Still, even with all of the flaws, the Intel machines are a lot faster.
 
It is very rare for a new OS to run faster on the same hardware. The new OS usually does more and needs more resources, as the programmers assume that average hardware is more powerful than when the previous version came out. If you are not upgrading your hardware, you'll get more features at the price of a slower system. I doubt the case would be different for Leopard.
 
It is very rare for a new OS to run faster on the same hardware. The new OS usually does more and needs more resources, as the programmers assume that average hardware is more powerful than when the previous version came out. If you are not upgrading your hardware, you'll get more features at the price of a slower system. I doubt the case would be different for Leopard.

How long have you been a Mac OS X user?

Almost every release has been faster than the one it succeeded on the same hardware, though PowerPC improvements are likely to be minimal, unless Apple would go to a commercial compiler.
 
sorry, port was a really bad word choice.

I've just noticed that my buddy's Powerbook runs Tiger faster than my MBP after a clean install. "Better optimized" would have been better

cz

Im sure if they done a clean install on his MBP it would run a lot faster than your PowerBook. My Intel Mac mini runs a lot faster than my PowerBook.

What ever the speed increase it will be in the realms of single digits probably 5%
 
64-bit (in theory) can even slow things down.

In the real world we see a 20% hit for using 64 bit when you don't need it. This is using Red Hat Enterprise Linux 4.0 and running anything from communications software to small databases.

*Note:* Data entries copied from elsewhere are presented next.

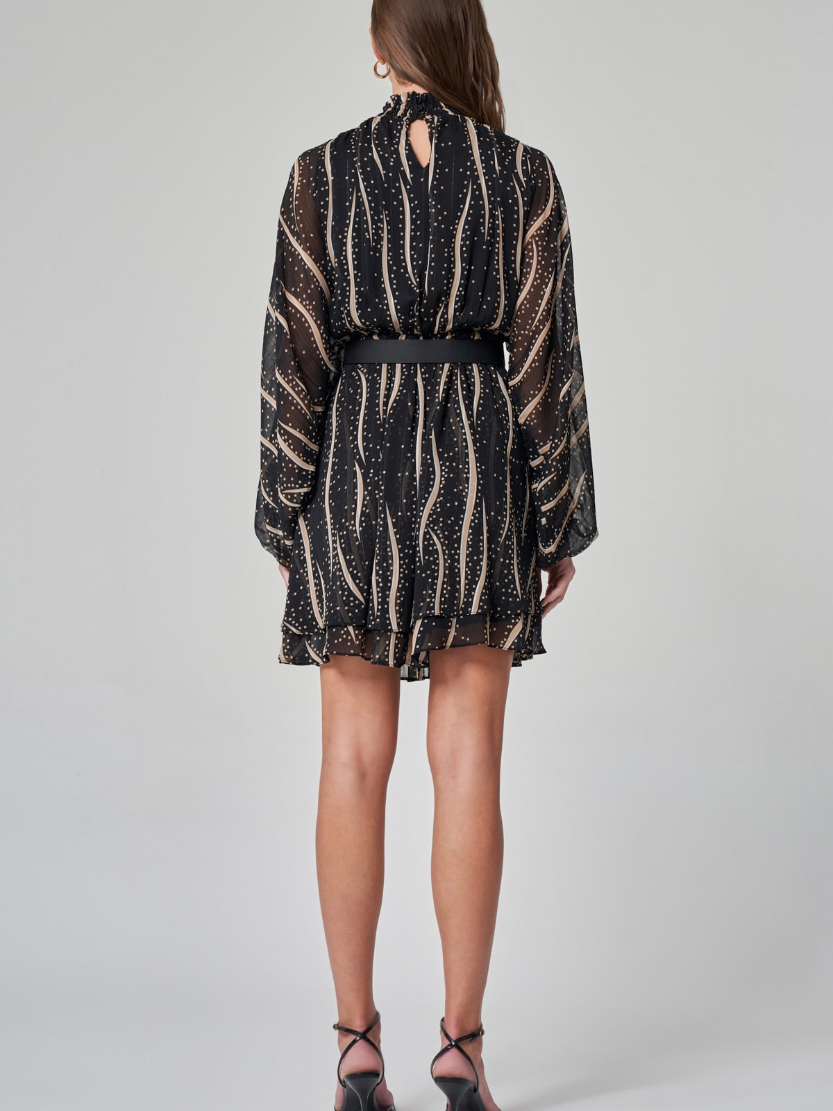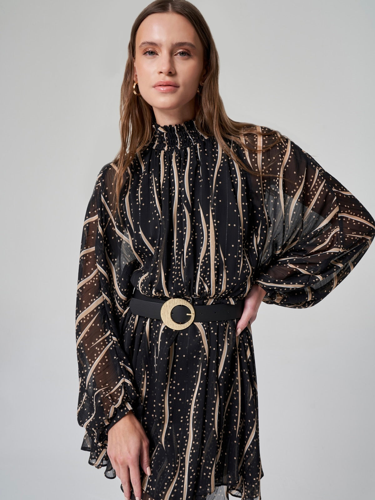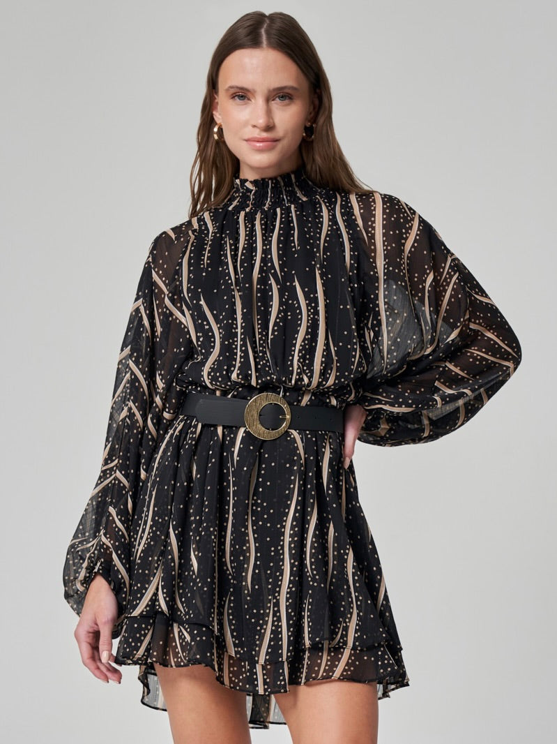 Dik yakası ve volanlı uzun kollarıyla feminen bir duruş sergileyen bu mini elbise, Utopian’ın özgün çizgilerini modern formda sunuyor. Siyah zemin üzerindeki bej tonlu geometrik desenler, elbiseye zarif bir hareket kazandırıyor.
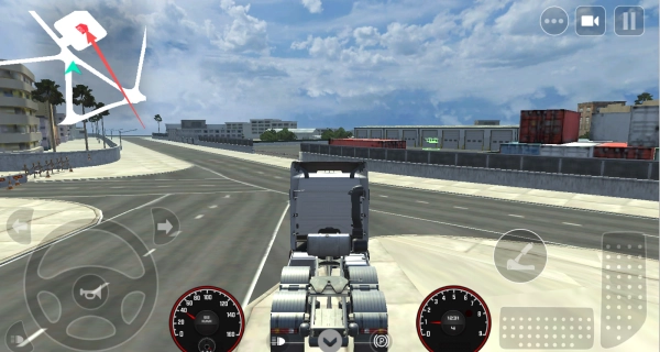 1、驾驶过程中,留意左上角的地图,牢记红色箭头所指示的目的地,借助虚拟方向盘和油门来操控车辆的行驶方向与速度,沿着规划路线准确到达任务地点。
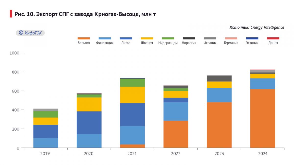 Доля европейских государств (в суммарных поставках российского СПГ) с указанных заводов в 2024 г. составила 76,1%, что на 9,7 п.п. выше уровня 2021 г. (Рис. 7), а в общем экспорте СПГ – 51,7% (+16,5 п.п.). При этом поставки СПГ с таких заводов как «Газпром СПГ Портовая» и Криогаз-Высоцк почти полностью приходились на европейский рынок (Рис. 8-Рис. 11). Так, по данным Energy Intelligence, в 2024 г. весь объем СПГ с Криогаз-Высоцк был направлен в Европу, в том числе Бельгию – 618,5 тыс. т; Портовой СПГ – 741,2 тыс. т, или 49,8% от общего выпуска СПГ заводом.

If you really need the memory space, you either have to jump through hoops with 32 bit or use 64 bit.

The real difference in performance is when that extra memory can be used to avoid disk and network I/O.

Life should get interesting next year, since they are starting to merge the Xeon and iTanium technologies.
 
http://www.thinksecret.com/news/0702leopard9a343gallery.html

These a brief reference to speed in the Thinksecret article.

Thanks to Leopard's many under-the-hood improvements, users can expect to see signficant gains in performance and responsiveness under Mac OS X 10.5, especially on recent Macs. Window resizing relative to different System Preference Panes, for example, is now instantaneous and completely smooth, without that half-second delay found in previous Mac OS X releases.
 
of cource we all know nothing about it, but consider the CPU power of today, I would predict 10% at most.